There will be an emphasis on galvanising contributions from business, academia and wider society; in his address the king announced a bill to give greater powers to England’s regional mayors. The government will place new stress on policy experimentation. “You’re not going to drive change through the traditional method of writing a white paper, throwing it over a wall, and hoping something happens,” Mr McFadden told a conference on July 9th. (There will also be torrents of jargon about “delivery” and “driving change”.)

But a missions-led approach will have to surmount some big hurdles. It is debatable whether the covid-vaccine programme, in which the state’s vast resources were directed at a single, urgent task, is a good model for the continuous daily work of government. Some of the five missions—“build an NHS fit for the future”; “break down barriers to opportunity”—are very fuzzy. And the goal of driving the highest productivity growth in the G7 should, Ms Mazzucato argues in a paper published on July 15th, be a by-product of a mission rather than its goal.

The availability and allocation of money also matter. Ms Mazzucato’s vision implies increased state investment (which she argues would lead to productivity gains). “It’s not about being profligate, but it doesn’t make any sense to say ‘we’d love to do this stuff, but we’re going to have to wait until we get growth,’” she says. Whitehall departments are siloed in part because that is how their spending is set.

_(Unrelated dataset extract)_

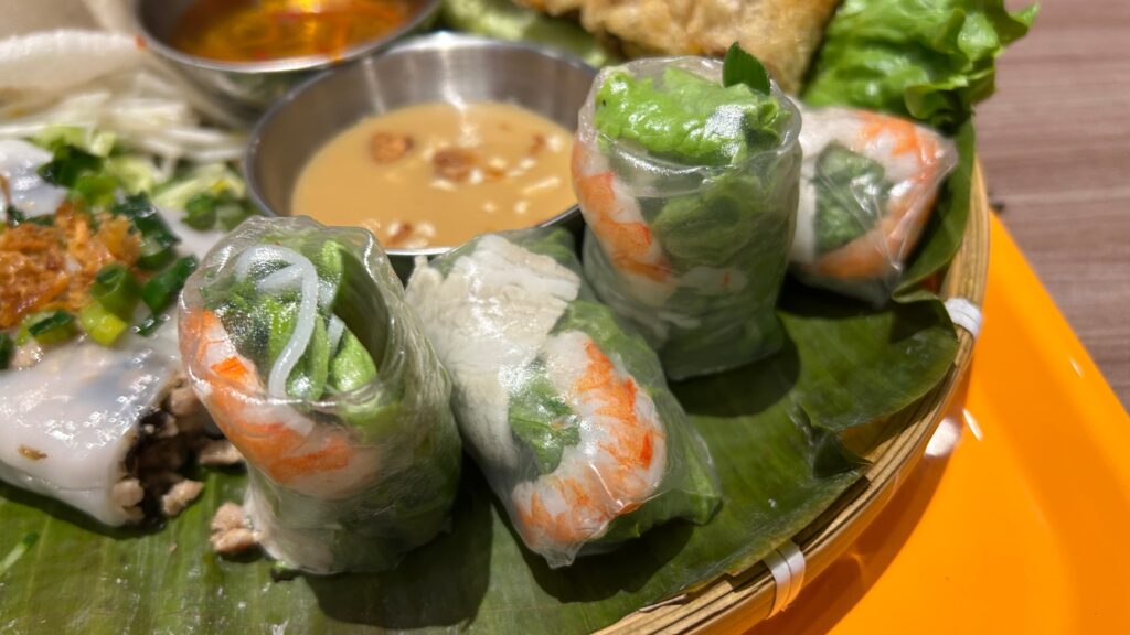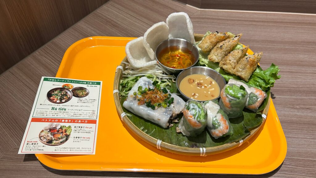「フードコートで1,850円?」と一瞬迷いましたが、出てきたプレートを見て納得。生春巻き、揚げ春巻き、蒸し春巻きが一度に楽しめる、春巻きオールスターズな一皿です。 春巻き3種の盛り合わせ(1,850円)。彩りも鮮やか!

A radical option would be to give the missions their own budgets, which would compel departments to collaborate for funding, suggests Alex Thomas of the Institute for Government, a think-tank.

Britain’s adversarial political culture may also be unsuited to the experimentation, collaboration and transparency implied by the missions. Indeed, Sir Keir himself owes his new job to a command-and-control approach to leadership marked by a low tolerance for dissent or errors. The risk, say some insiders, is that mission-led government ends up as the rearranging of internal government committees rather than a radically new relationship between the state and private sector. Still, Sir Keir has made this a priority. That alone means it is worth taking seriously.